The GATE Embedded core API and GATE Developer application
GNU Lesser General Public License v3.0
75 stars 29 forks source link

RepositioningInfo.getOriginalPos fails at end of last segment (was A bug for Json Exporter (HTML escaped characters problem)) #79

Closed seasonlaw closed 5 years ago

seasonlaw commented 5 years ago

Hi, I have used this plugin to process tweets and I found a small bug when I export the annotation to json file. The exporter did not extract the indices of the last token of tweets properly when a tweet ends with a HTML escaped character. For example: When I exported The tweet "Y NACI PARA ALENTARTE Y SEGUIRTE A TODAS PARTES [ E \>", the last token is annotated as Punctuation in my pipeline. But in the exported json file the data is {"indices":[52,-1],"string":">"}. The end offset is miscalculated.

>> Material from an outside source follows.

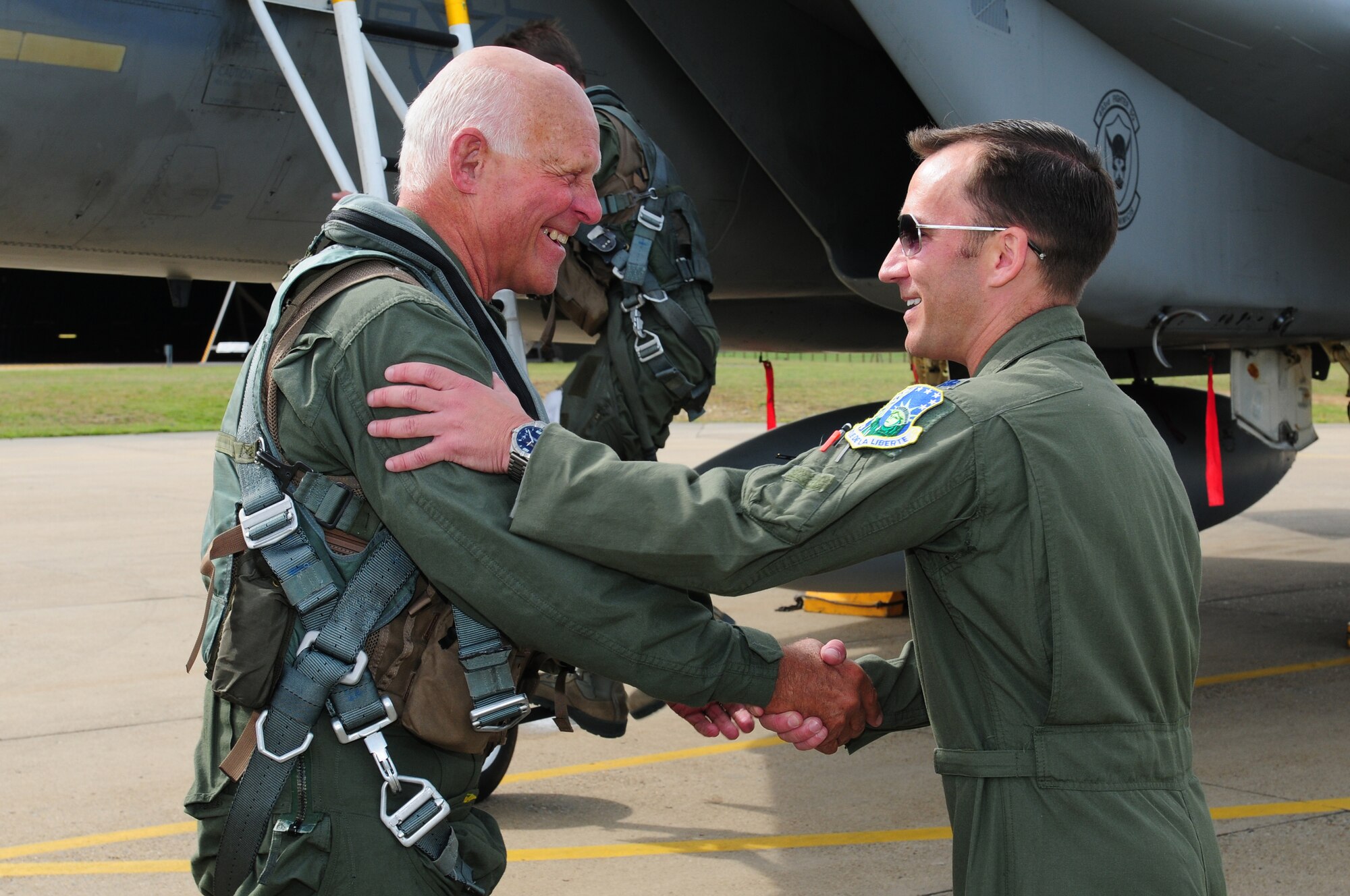 ROYAL AIR FORCE LAKENHEATH, England – John Cushing (left), 48th Fighter Wing honorary commander, greets Lt. Col. Mike Casey, 493rd Fighter Squadron commander, after an incentive flight in an F-15D Eagle Sept. 6, 2012. Cushing received an incentive flight with the 493rd FS to receive a better understanding of how the 48th FW operates. Cushing is the chairman of the British-American Committee, which ensures the local relationship between American and British remains intact and encourages integration of the two communities. (U.S. Air Force photo by Airman 1st Class Cory D. Payne)

This also happened when other characters like "\&, \<" appeared at the end of tweets.

ianroberts commented 5 years ago

This is actually a bug in RepositioningInfo in gate-core, which is the class we use to track the mapping between the unescaped annotation offsets in the Document and the escaped "indices" in the JSON.

ianroberts commented 5 years ago

That said, the format-twitter plugin is supposed to be compatible with gate-core 8.5 so I've also added a workaround (https://github.com/GateNLP/gateplugin-Format_Twitter/commit/387487bb351e283205eb7826057923517502a609) for this bug in the plugin (version 8.6-SNAPSHOT) so it will work with earlier versions of GATE.